> _TASK INPUTS_:
-.-.-

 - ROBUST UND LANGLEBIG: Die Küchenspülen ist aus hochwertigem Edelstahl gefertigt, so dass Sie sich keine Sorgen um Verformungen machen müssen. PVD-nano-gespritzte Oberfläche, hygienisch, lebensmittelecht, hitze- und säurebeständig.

-.-.-

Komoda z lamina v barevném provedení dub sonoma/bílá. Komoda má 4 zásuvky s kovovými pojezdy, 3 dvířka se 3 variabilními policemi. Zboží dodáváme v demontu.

-.-.-

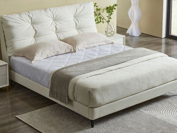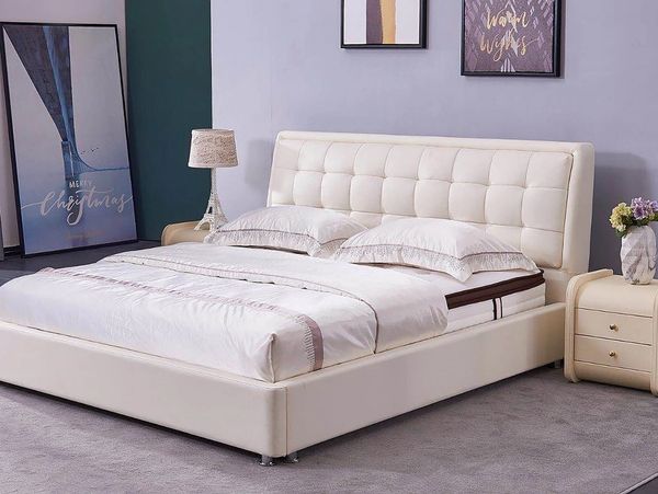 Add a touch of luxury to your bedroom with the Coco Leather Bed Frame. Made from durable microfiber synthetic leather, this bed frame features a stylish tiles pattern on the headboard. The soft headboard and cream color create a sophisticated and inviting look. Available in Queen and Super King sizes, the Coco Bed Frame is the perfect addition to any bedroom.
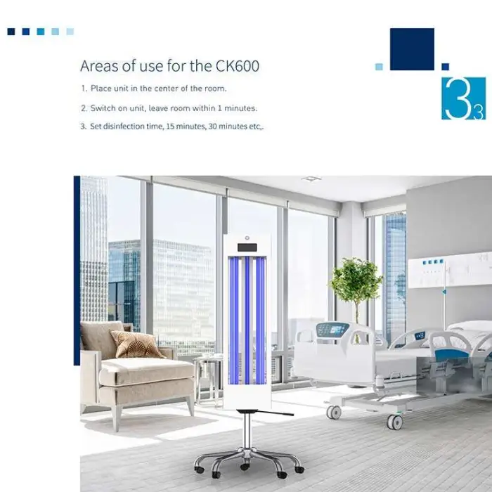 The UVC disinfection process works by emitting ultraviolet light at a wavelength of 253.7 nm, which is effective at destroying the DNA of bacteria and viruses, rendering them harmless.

-.-.-

> _PROBLEM STATEMENT_:
Give back exactly, and solely, the section of the data above bounded by the line containing "Add a touch" and the line containing "The UVC disinfection", both bounding lines included and pictures omitted.

> _RESPONSE_:
 Add a touch of luxury to your bedroom with the Coco Leather Bed Frame. Made from durable microfiber synthetic leather, this bed frame features a stylish tiles pattern on the headboard. The soft headboard and cream color create a sophisticated and inviting look. Available in Queen and Super King sizes, the Coco Bed Frame is the perfect addition to any bedroom.
 The UVC disinfection process works by emitting ultraviolet light at a wavelength of 253.7 nm, which is effective at destroying the DNA of bacteria and viruses, rendering them harmless.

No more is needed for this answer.